Be clear-eyed about the boundaries.

  • This is an architecture, not a drop-in library. There is no package to install and no SDK behind this guide. You design the schema, the serializer, the evaluation cycle, and the state machine yourself.
  • It is disclosed, not benchmarked. The approach is described in a patent filing. This guide makes no performance, throughput, or reliability claims, and nothing here has been presented as a production-proven or benchmarked system. Any latency, memory, or scaling characteristics are yours to measure once you build it.
  • The hard parts are still hard. Serialization correctness, schema evolution of long-lived objects, durable and tamper-evident storage of the memory field, signature/verification key management, and safe concurrent evaluation of the same object on different nodes are all real engineering you own.

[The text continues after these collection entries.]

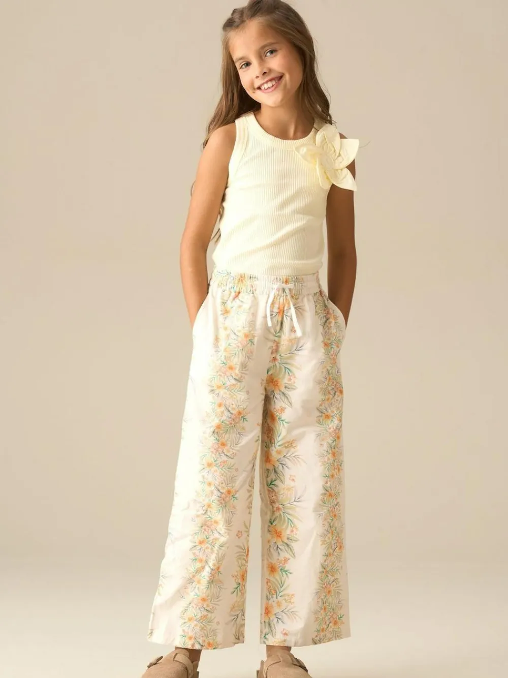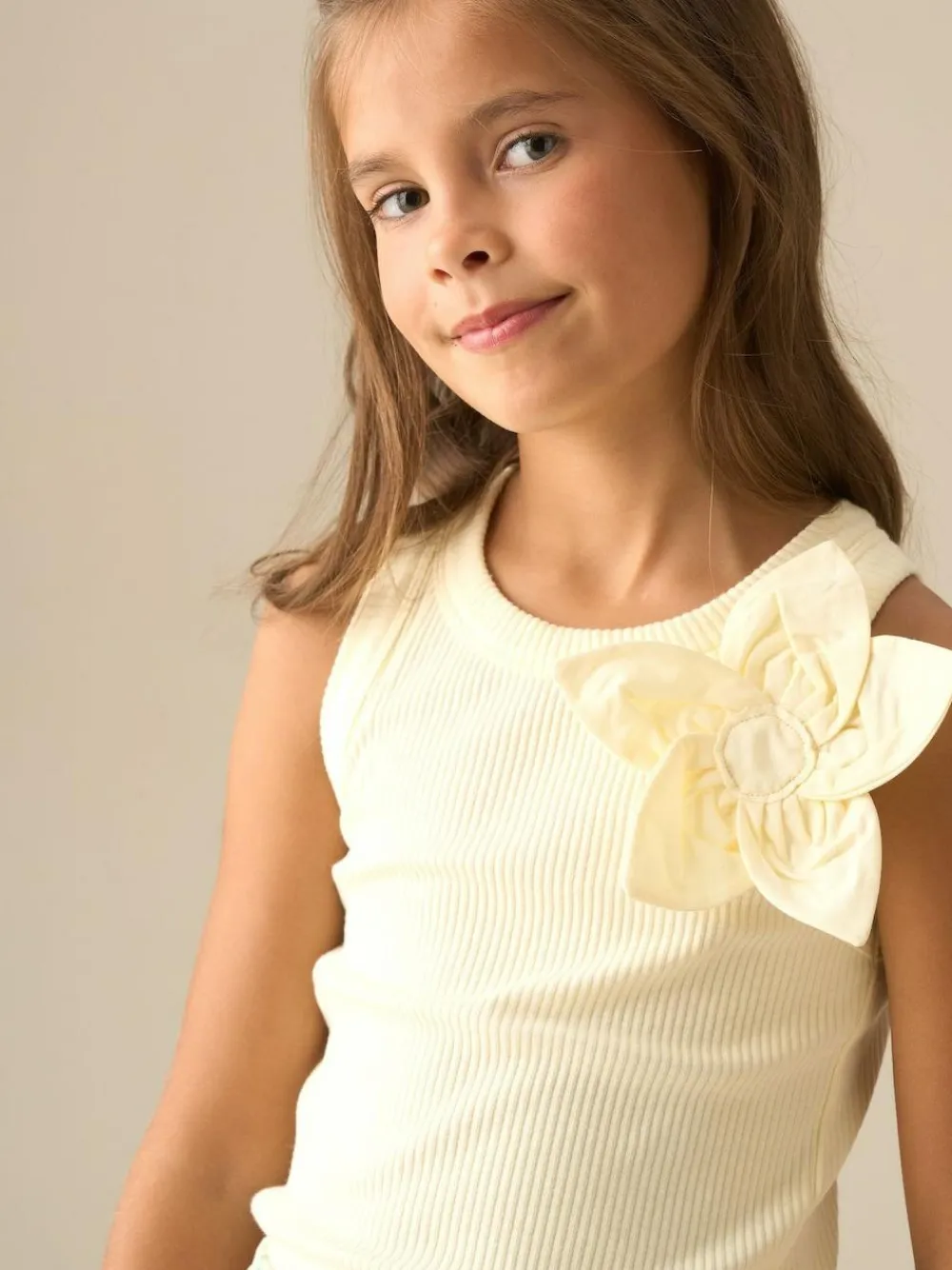 This cute Yellow vest is a summer wardrobe must-have, featuring a cotton corsage that adds a touch of charm. Made for easy styling, it pairs perfectly with a printed skirt or layers effortlessly under any outfit! Machine washable. Main 96% Cotton, 4% Elastane. Trim 100% Cotton.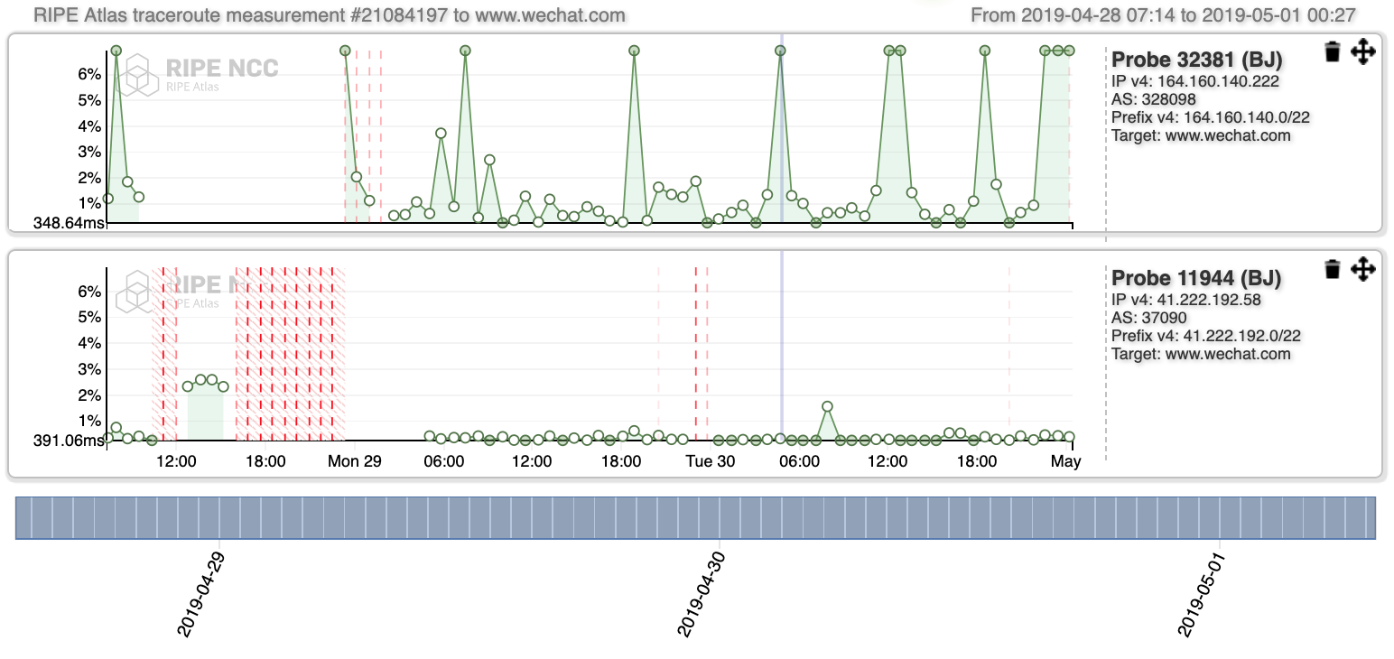 **Figure 7:**RIPE Atlas measurement, Recurring IPv4 traceroute measurement from all probes online in Benin to www.wechat.com, https://atlas.ripe.net/measurements/21084197/, April 28, 2019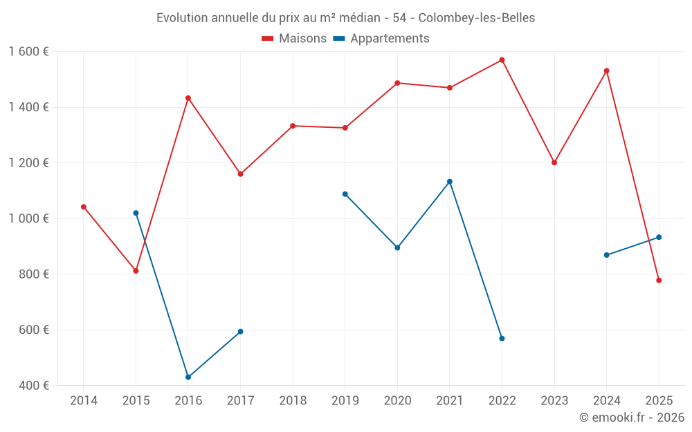 Le prix médian sur les 17 transactions de maisons des 24 derniers mois dans la commune de Colombey-les-Belles était de 1 250 € par mètre carré pour une valeur foncière médiane de 155 000 €. Sur cette période 60% des transactions se sont situées entre 760 et 1 970 € par mètre carré (du 2ème au 8ème déciles).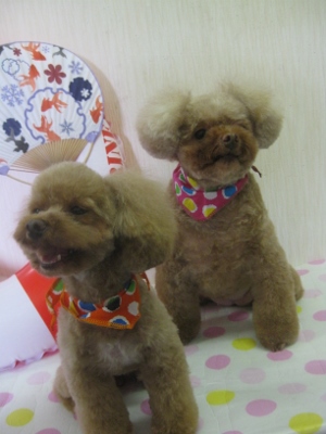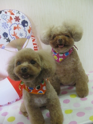フウタ君・シオン君・花ちゃん・cocoちゃん♪ 2013,10,11,Fri フウタ君です バブル中はウトウト だったのですが・・・ すぐ終わるからそんなお顔しないで~ そして、最後はイヤイヤ攻撃 苦手な作業も頑張ってくれていました そんなフウタ君が可愛い~と私たちは癒されちゃいました シオン君です シャンプー前にバッサリカットしていきます そして、バブル中はこんなにも汚れが浮いていました 終わった後の、この笑顔 「だって頑張ったから、ちくわもらえるんでしょ」 大好物のちくわも食べてご機嫌さん 花ちゃん&cocoちゃんです 早速シャンプーへ2匹ともとってもお利口さん そして、今からカットしていきますね~ 仲良く2匹でパシャリお疲れ様でした

The disclosure names these as properties of the design (append-only history, signed entries, local policy) but implementing them well is on you.
  • It does not replace every workflow engine. If your problem is a fixed, deterministic pipeline that benefits from centralized replay and a single source of orchestration truth, a durable-execution engine may fit better. This architecture targets long-horizon, adaptive, or trust-divergent execution where you specifically want progress to live with the task and decisions to be made locally.

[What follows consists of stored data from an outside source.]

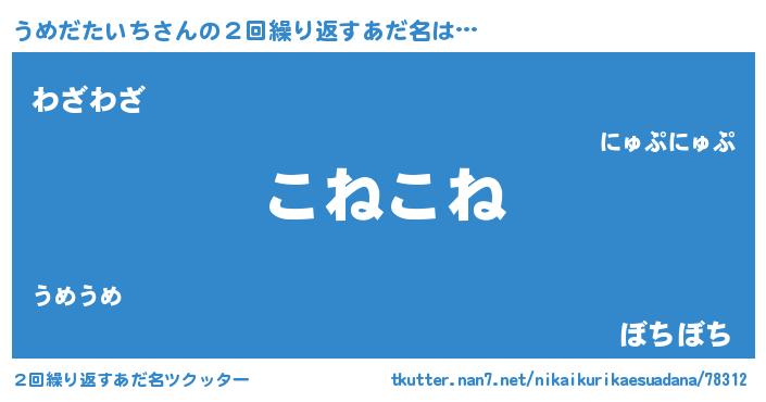 | ヘコむあだ名 | 『うめだたいち(震え声)』『うめっちょ』 |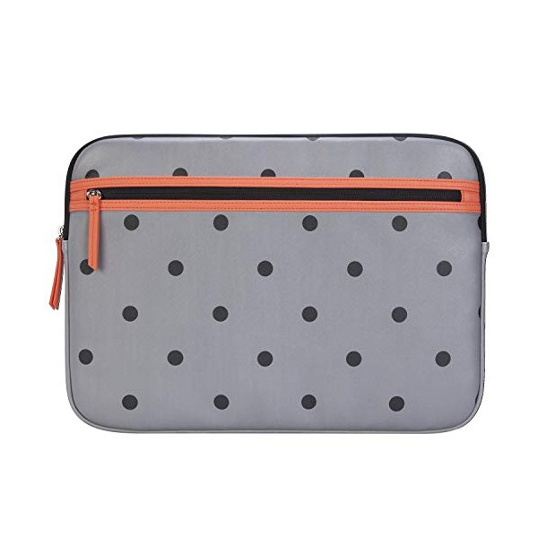 Targus Arts Edition Slim Protective Sleeve for 15.6-Inch Laptop Case with Zippered Pocket, Soft Shell Smooth Material, Polka Dot Design, Gray/Salmon (TSS999GL)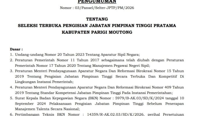 Parigi Moutong, PUSATWARTA.ID– Pemerintah Kabupaten Parigi Moutong resmi membuka seleksi terbuka pengisian Jabatan Pimpinan Tinggi (JPT) Pratama tahun 2026.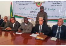 عقدت اللجنة الوطنية لتسيير الحدود اليوم الأحد في مدينة العيون عاصمة ولاية الحوض الغربي، اجتماعا حضرته السلطات الإدارية، وحكام المقاطعات الحدودية، وعمد بلدياتها، وقادة الوحدات الأمنية، إضافة لممثلين عن القرى المتاخمة للحدود مع مالي.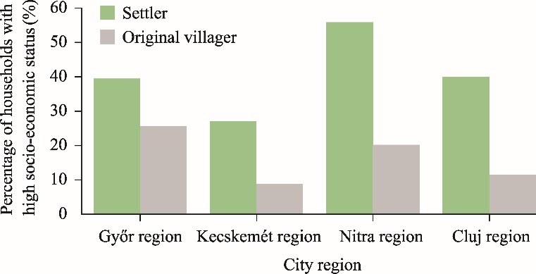 Fig. 4. Percentage of households with high socio-economic status in the four city regions. |
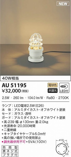 | 商品について | 40W相当 ランプ:LED電球2.5W(E26) 本体:アルミダイカスト・オフホワイト塗装 セード:ガラス・透明 ガード:アルミダイカスト・オフホワイト塗装 ●高-239 幅-φ130mm 重-2.0kg ●消費電力:2.5W ●定格光束:260 lm ●固有エネルギー消費効率:104.0 lm/W ●演色性:Ra80 ●色温度:2700K ●光源寿命:20000時間 ●二重絶縁 ●キャブタイヤケーブル5.0m付 ●風の強い場所での使用禁止 ●調光器併用不可 ●5VA(100V) |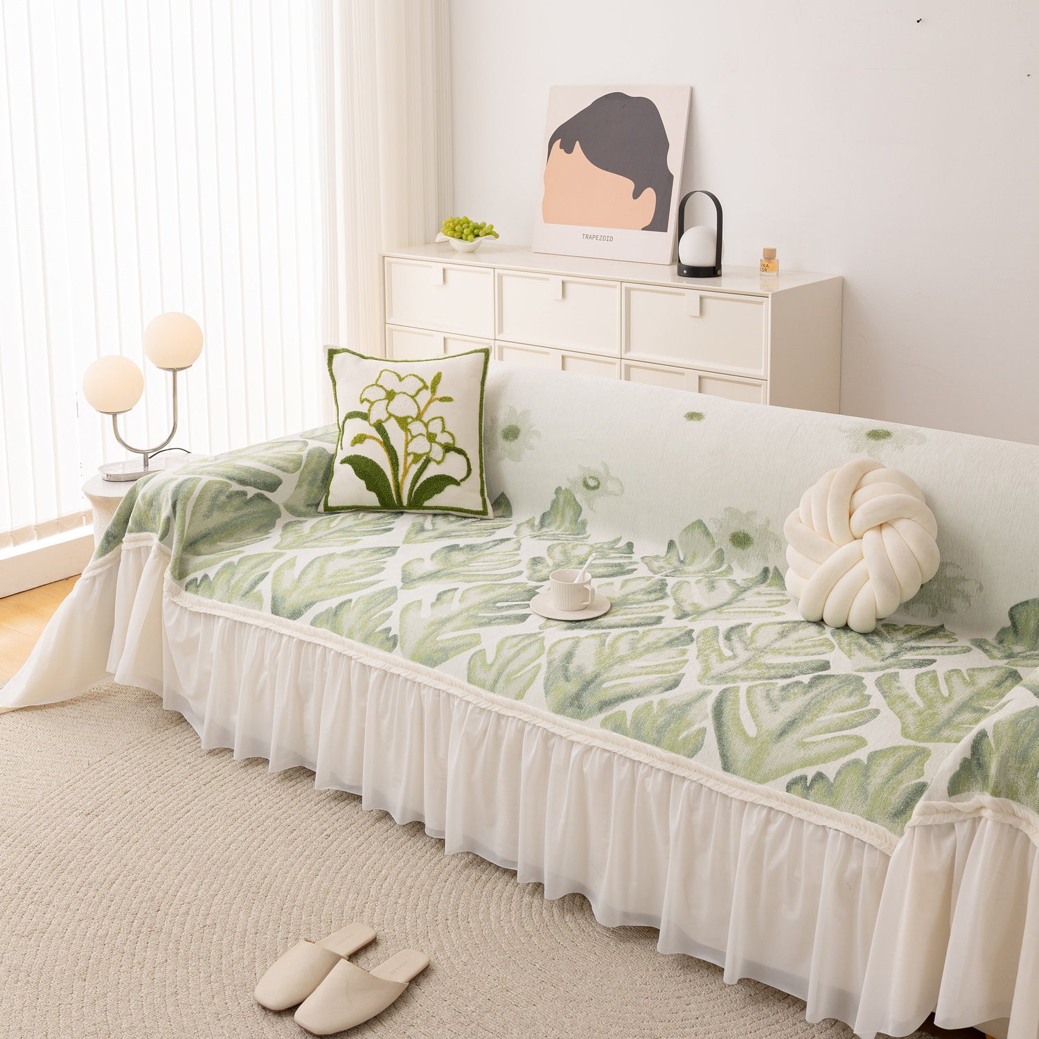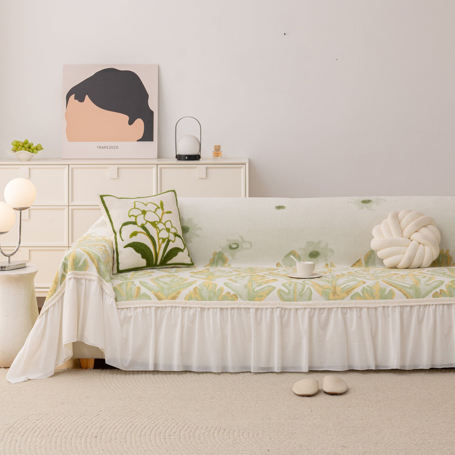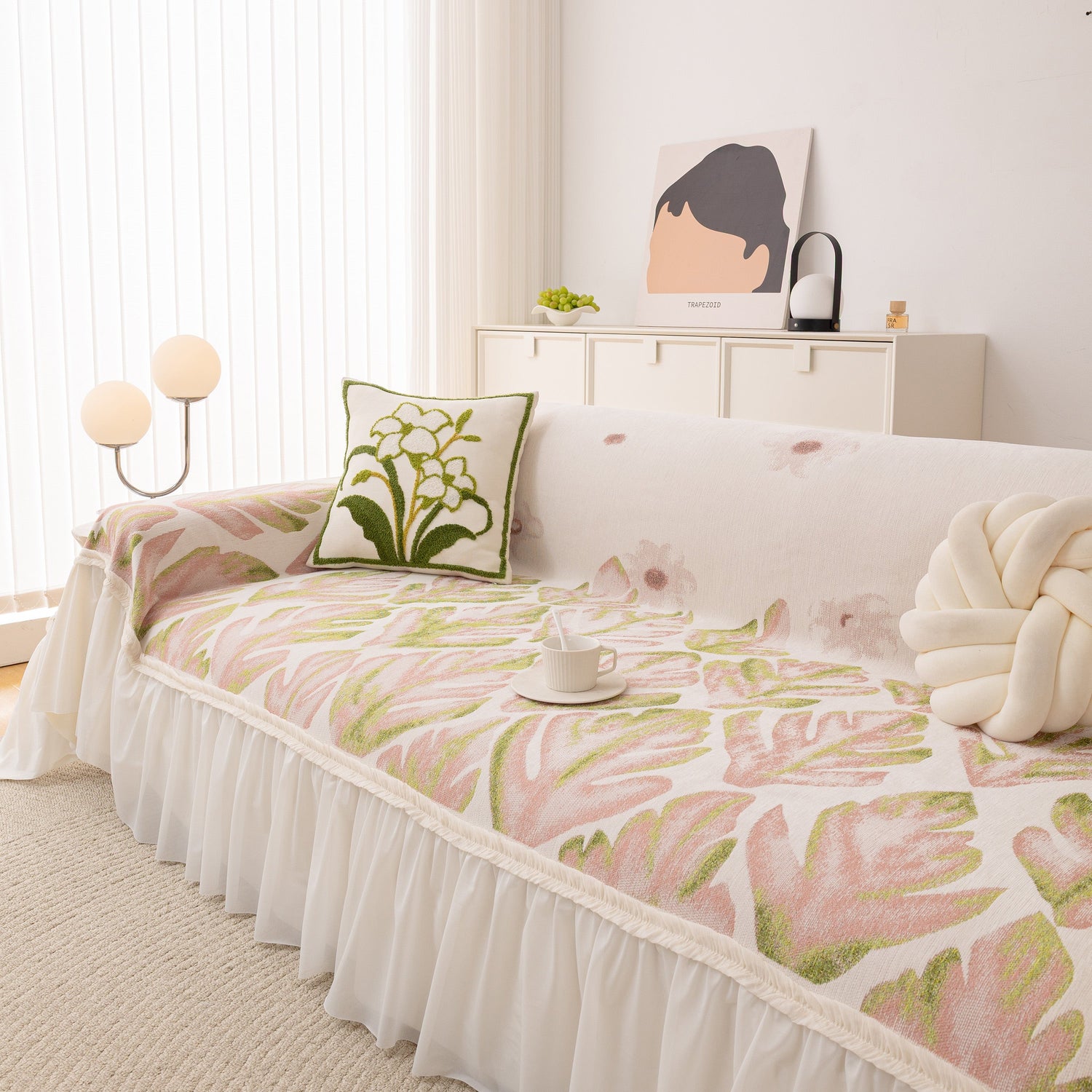 Botanical Sofa Cover with Chiffon Skirt, Floral Couch Throw Blanket for All-Season

  • "No central coordinator" is a design stance with costs. Local, independent evaluation means different nodes can legitimately reach different decisions for the same object. The disclosure treats that as a feature preserved by the append-only audit trail, but you must design for eventual consistency rather than assume a single global ordering.

Disclosure Scope

The architecture described in this guide is disclosed in United States Patent Application 19/538,221 ("Memory-Resident Execution of Persistent Executable Objects in Distributed Computing Systems"). Every mechanism attributed to the approach above (the intent/context/memory object structure, the append-only memory field, the local evaluation cycle, the execution/mutation/delegation/dormancy/reentry/termination action set, resumption without re-instantiation, and the cognition/authority/execution separation) traces to that filing. This guide is educational: it teaches how to approach building such a system yourself. It is not a warranty, a guarantee of results, an offer of software, or a grant of any license, and it does not describe a shipping product.